What is Collaborative Gym? (Use Collaborative Agents Now!)

Collaborative Gym (Co-Gym) is a framework for enabling and evaluating Human-Agent Collaboration. Unlike traditional chatbots, Co-Gym allows both human users and AI agents to not only exchange messages but also take actions in a shared workspace. Additionally, unlike autonomous agents that take a sequence of actions on its own, Co-Gym expects the agents to engage in the collaboration process where the human user can intervene in real-time.

Our vision is to leverage Co-Gym for improving collaborative agents and evaluating human-agent collaboration.

• Setup
• API
• Simulated and Real Conditions
• Evaluation
• Add a New Agent
• Add a New Task Environment
• Contributions
• Acknowledgement
• Citation

Setup

We view Co-Gym as a framework for building and evaluating collaborative agents that take initiative at the correct time and work together with humans in parallel. Below, we provide a quick start guide to run Co-Gym locally to reproduce our experiments.

1. Install the required packages:

   conda create -n cogym python=3.11
   conda activate cogym
   pip install -r requirements.txt

2. Set up API keys: Copy secrets.example.toml from the root directory and rename it to secrets.toml. Complete the required fields by following the instructions provided in the comment.
3. To use the Jupyter Executor in some task environments, create the docker image for execution:

   cd docker
   docker build -f Dockerfile_cpu -t cogym-jupyter-cpu-image .

API

The Co-Gym API models the environment where humans and agents can work together as Python CoEnv classes. We currently support three task environments:

• CoTravelPlanningEnv(CoEnv): Collaborative environment for planning travel itineraries, supporting several search functionalities, distance matrix, and editing travel plans.
• CoLitSurveyEnv(CoEnv): Collaborative environment for conducting literature survey (e.g., writing Related Work section for research), supporting searching for papers, taking notes, and writing/polishing a related works section.
• CoAnalysisEnv(CoEnv): Collaborative environment for analyzing tabular data in csv format, supporting executing code in Jupyter notebook and documenting findings.

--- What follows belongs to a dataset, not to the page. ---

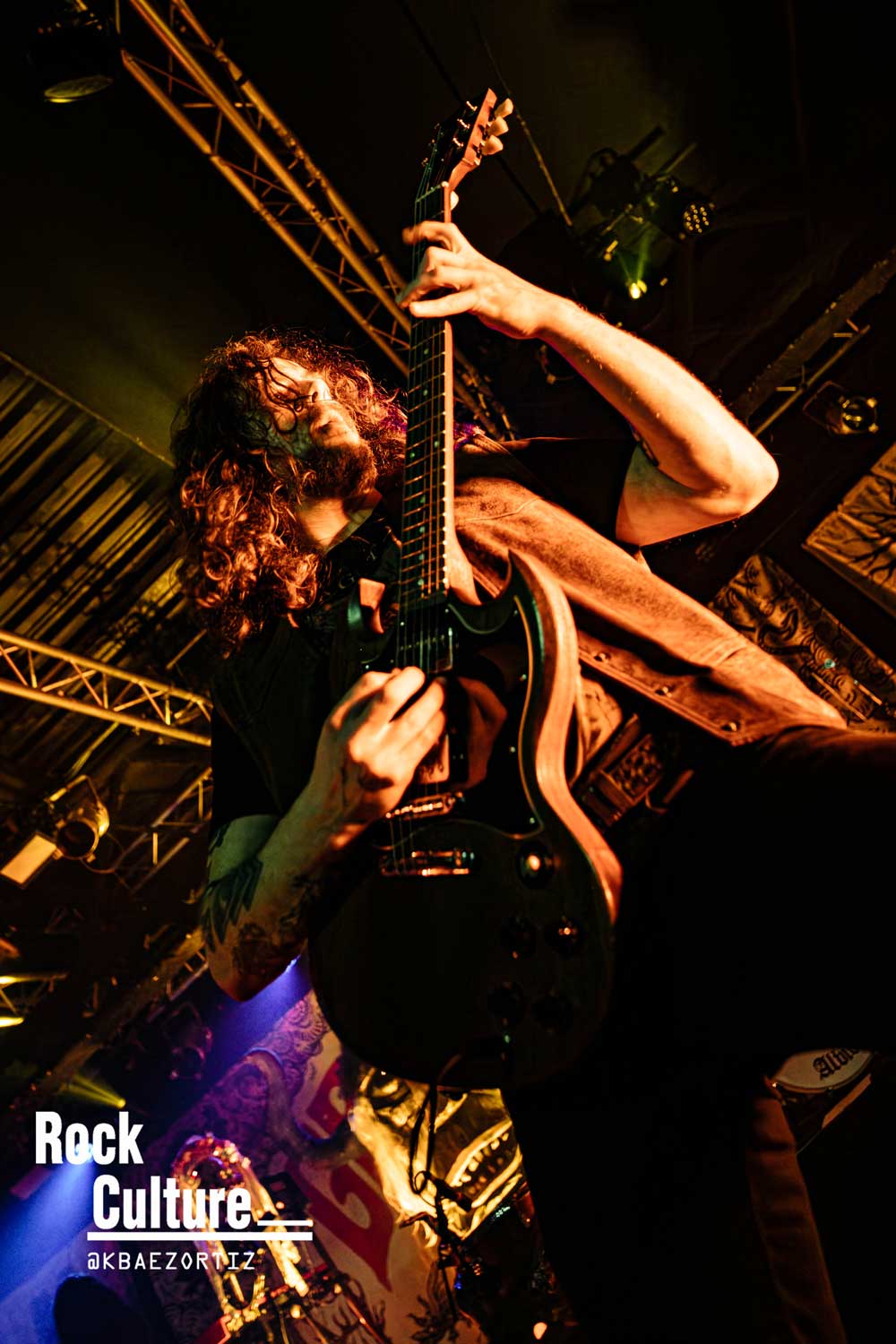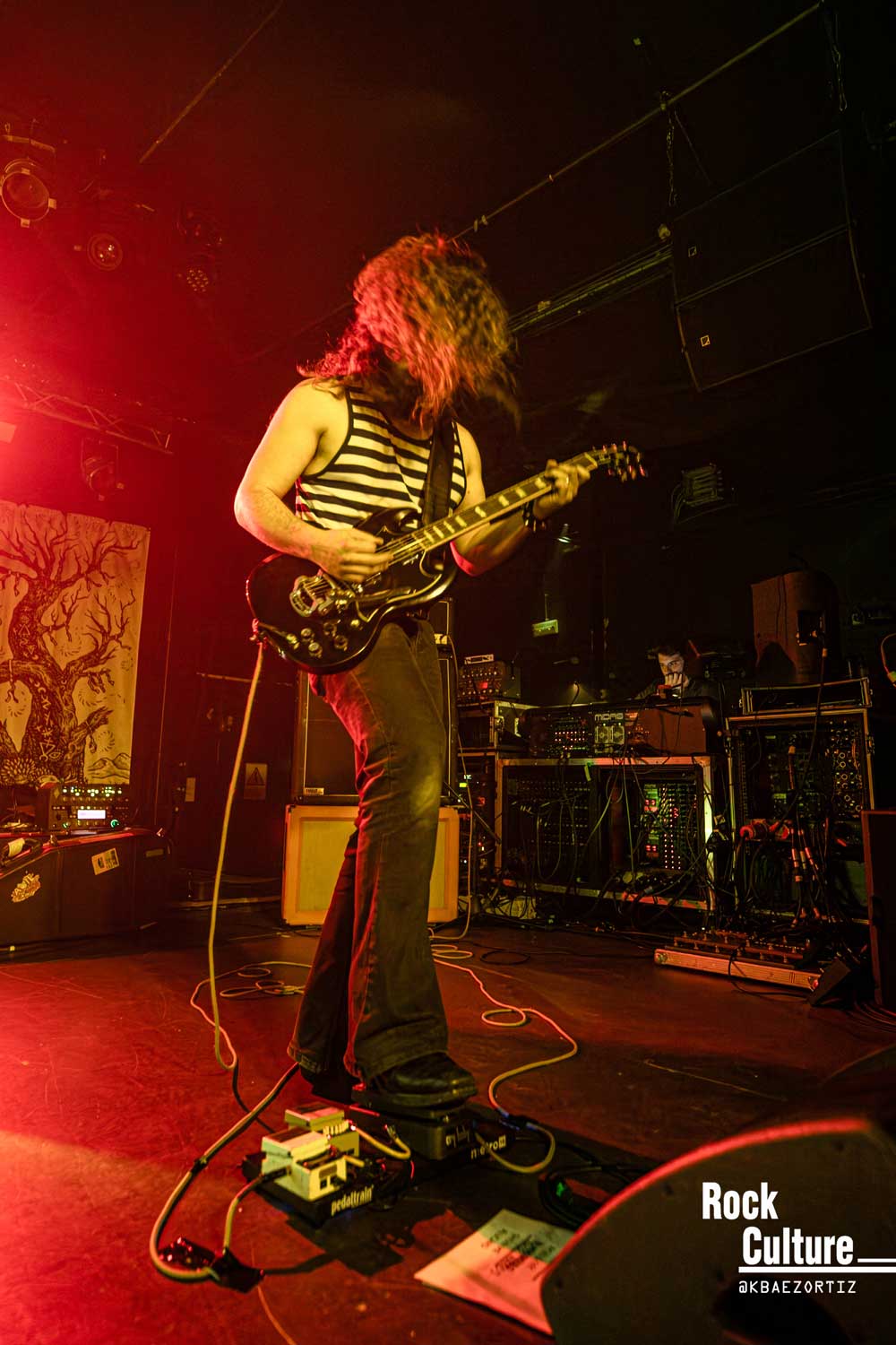 Los ingleses han sabido posicionarse en los oídos del mundo desde 2017 con tres discos de estudio que transmiten su toma de doom, stoner, y heavy, abordando lo oculto y oscuro como temáticas principales, algo como si fueran hijos de Black Sabbath y otros de la escena inglesa, pudiendo apreciar perfectamente esto en el tono de Woodland Rites, canción que inicia el show y en parte su carrera, presente en su primer disco llamado con el mismo nombre (2019), y que entra en desarrollo al seguir con Mountain Throne, canción lanzada el año 2023 en el disco This Heathen Land, y que lleva la oscuridad a momentos más encendidos y elevados, sin perder esa base sabatesca. Su vocalista, Tom Templar, sabe perfectamente como revelar la mezcla desde donde surgen, destacando su voz y su energía en el escenario, apoyado de Joseph Ghast quien además del bajo colabora con voces que agregan dinamismo a la presentación.

Creating environment instances and interacting with them is simple - here's an example using CoTravelPlanningEnv:

from collaborative_gym.envs import EnvFactory
env = EnvFactory.make(
  name="travel_planning",
  team_members=["agent", "human"],
  env_id="env_1234",
  use_simulated_dataset=False,
  query="Help me plan a 5-day trip to Vancouver in December for a single person."
)

# In asynchronous collaboration, at a certain timestamp,
# agent can choose to take a task action like the following
obs, reward, terminated, private, info = env.step(
  role="agent",
  action="EDITOR_UPDATE(text=\"This is a placeholder.\")"
)

# If private is True, the notification protocol will only notify the action taker;
# otherwise, the change will be broadcast to all team members.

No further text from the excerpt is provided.